Brief >> A word-for-word copy of the data, pictures excluded, is what this task asks for.

Source material >>
Segment Open

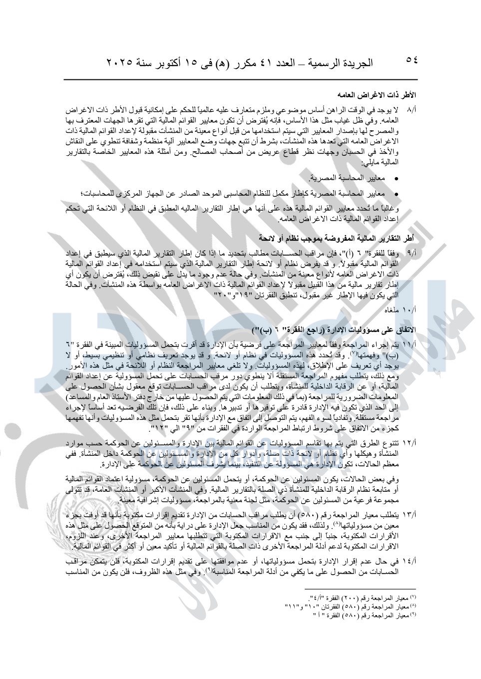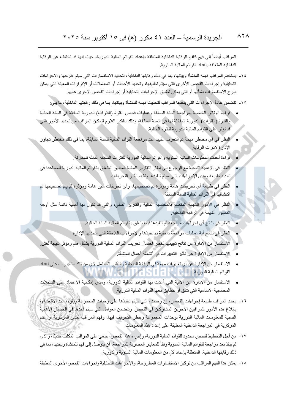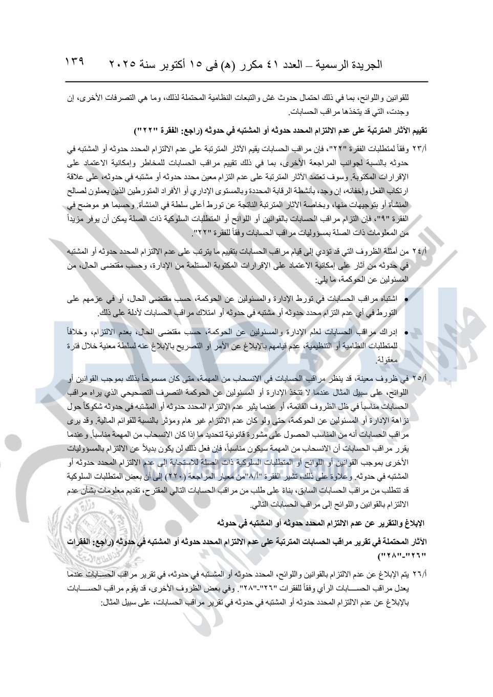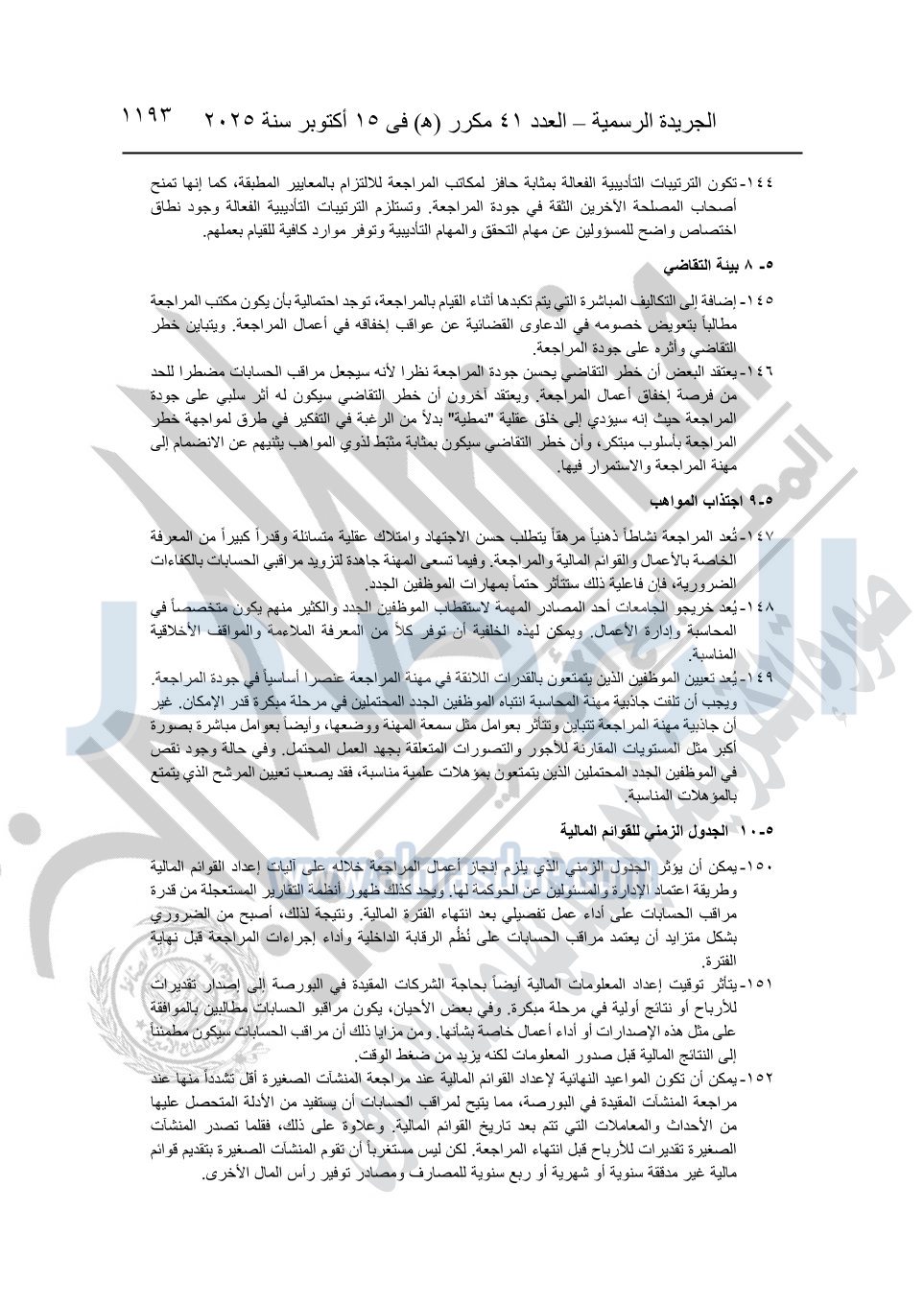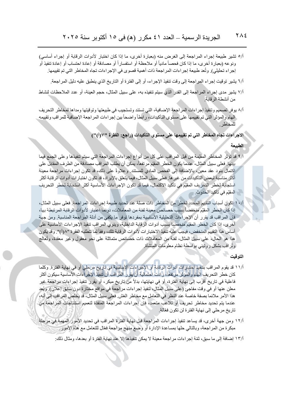 نشرت الجريدة الرسمية في العدد 41 مكرر "هـ" الصادر في 15 أكتوبر سنة 2025، قرار رئيس مجلس الوزراء رقم 3725 لسنة 2025، بشأن العمل بالمعايير المصرية للمراجعة والفحص المحدود ومهام التأكد الأخرى المرافقة لهذا القرار.
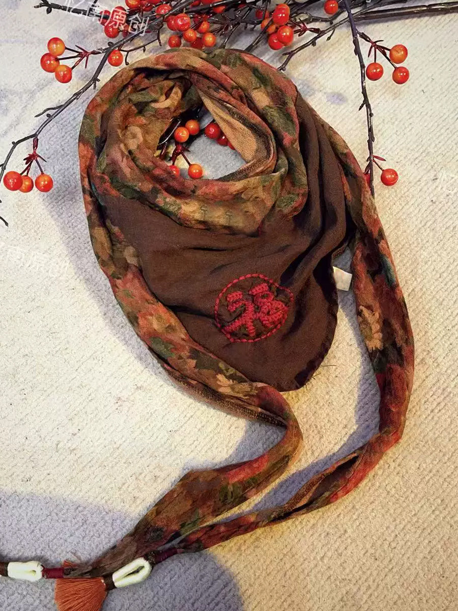 Women Vintage Flower Spliced Embroidery Linen Triangular Scarf
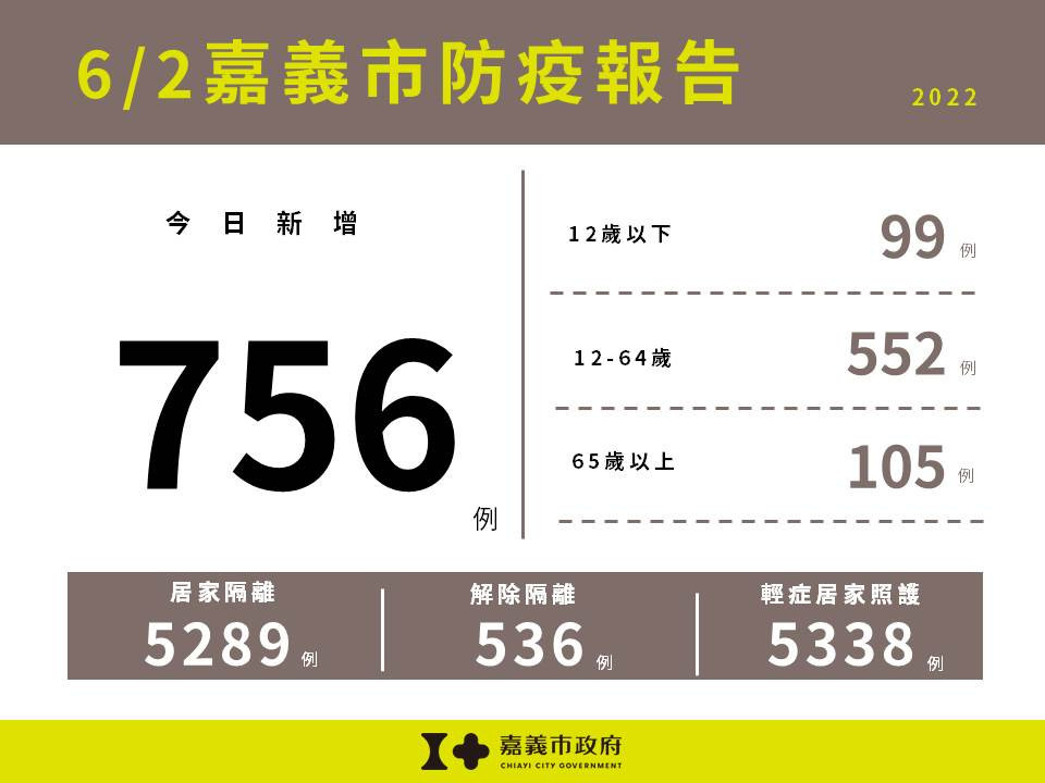 中央流行疫情指揮中心今(6/2)日公布全國本土新增76967例,嘉義市新增756例確診個案,包含12歲以下99例,12-64歲552例,65歲以上105例。嘉義市目前居隔5289人,解隔536人,輕症居家照護人數5338人。

Segment Closed

Solution to the problem >>
 نشرت الجريدة الرسمية في العدد 41 مكرر "هـ" الصادر في 15 أكتوبر سنة 2025، قرار رئيس مجلس الوزراء رقم 3725 لسنة 2025، بشأن العمل بالمعايير المصرية للمراجعة والفحص المحدود ومهام التأكد الأخرى المرافقة لهذا القرار.
 Women Vintage Flower Spliced Embroidery Linen Triangular Scarf
 中央流行疫情指揮中心今(6/2)日公布全國本土新增76967例,嘉義市新增756例確診個案,包含12歲以下99例,12-64歲552例,65歲以上105例。嘉義市目前居隔5289人,解隔536人,輕症居家照護人數5338人。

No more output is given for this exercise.